28. I am content to be able to reach this decision. It enables the Court to sentence both Saraiva and Antunes for what they actually did, namely to assist in their respective ways the activities of Viveiros in the supplying of drugs. They both did so when they had no knowledge as to the amount of heroin which Viveiros intended to bag up for supply. It might have been a small amount. It might have been a large amount. Indeed we shall never know the amount because the operation was interrupted. Mr Cadin's construction would have required the Court artificially to restrict the responsibility of the defendants to the single supply to Antunes. On the other hand, although this will ultimately be a matter for the Jurats, it seems to me that Mr O'Connell's approach was similarly flawed in that it artificially attributed to each defendant participation in the supply of the entire package of heroin. For my own part I see no justification for such an attribution. No doubt it was driven by the need to fix on a specific quantity of heroin in order to apply the Rimmer guidelines.

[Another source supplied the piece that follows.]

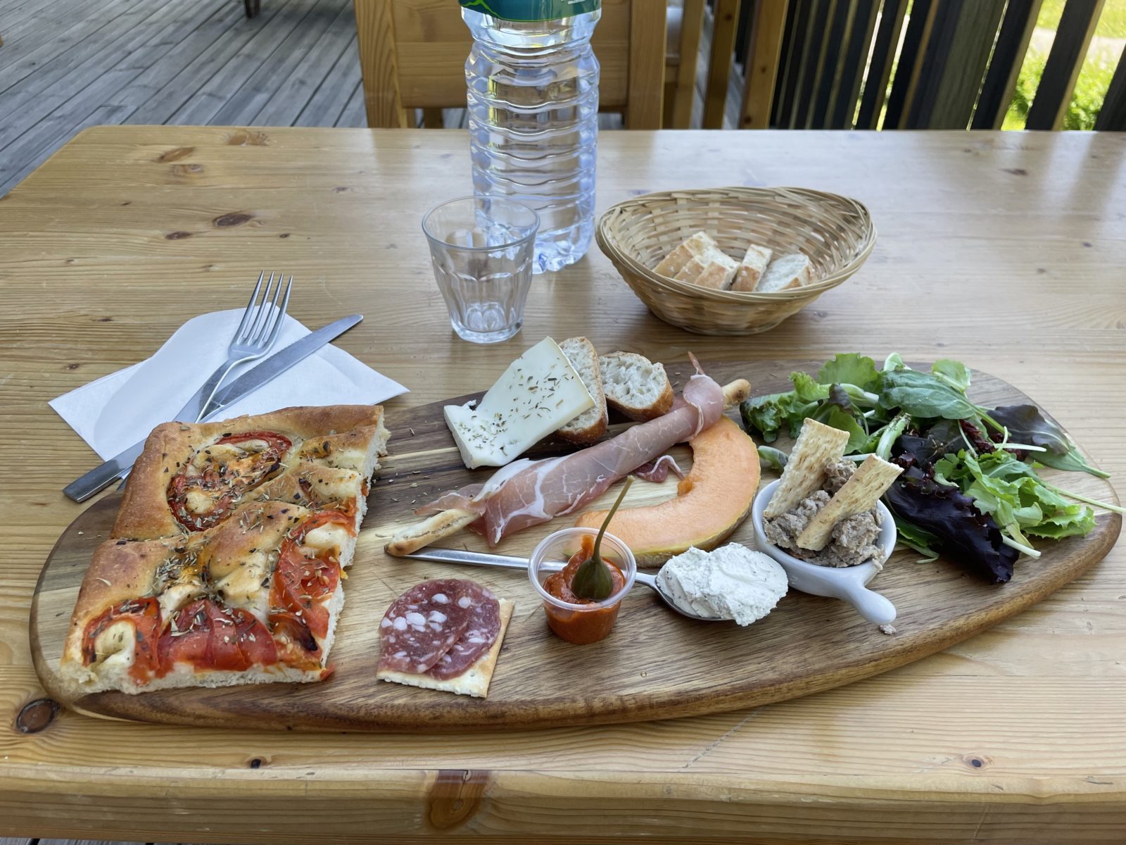 Sejdu skrz několik serpentýn až k restauraci. Vejdu dovnitř a ptám se na jídlo. Oběd bude až ve 12, ale můžu dostat nějaké studené jídlo. OK, lepší než nic. Na prkýnku mi donesou kousek buchtoidní pizzy a pečivo a sýr a salsu a pár dalších věcí. Celkem jsem si pochutnal.

29. I should add that Mr Cadin raised a subsidiary point, namely that Saraiva's plea was ambiguous and could be interpreted as relating to the single supply to Antunes or alternatively to Viveiros' general dealing. The Court should therefore proceed on the basis most favourable to Saraiva. I do not consider the plea to be ambiguous. The facts relied upon by the Crown are not disputed. Soraiva participated in Viveiros' dealing activities by delivering the bagging equipment for such purposes as he might require it. As she was not even aware of the proposed supply to Antunes when she participated, it seems artificial to say that her plea may have been restricted to that activity.
30. Finally I should deal with the concern of both Mr Cadin and Mr Bell that the `being concerned' of their clients might be held to include some of their earlier activities in relation to Viveiros as described earlier. The Crown has not laid any charge in respect of those activities; the relevant counts are confined to the day in question. The previous events are relevant to establish the defendants' state of knowledge but they may only be sentenced for their participation on the day of arrest.
31. I hold therefore that:-
(i) McDonough has not been overruled. The guidelines in Rimmer are therefore not applicable to the charges of `being concerned' against Saraiva and Antunes.
(ii) For an accused to be concerned in the supplying of controlled drugs by a dealer, there does not have to be a specific identified sale in mind; it is sufficient if, with the requisite knowledge and by means of sufficiently proximate acts, the accused is concerned in the general supplying of the dealer.
I will therefore be directing the Jurats to proceed on that basis when sentencing.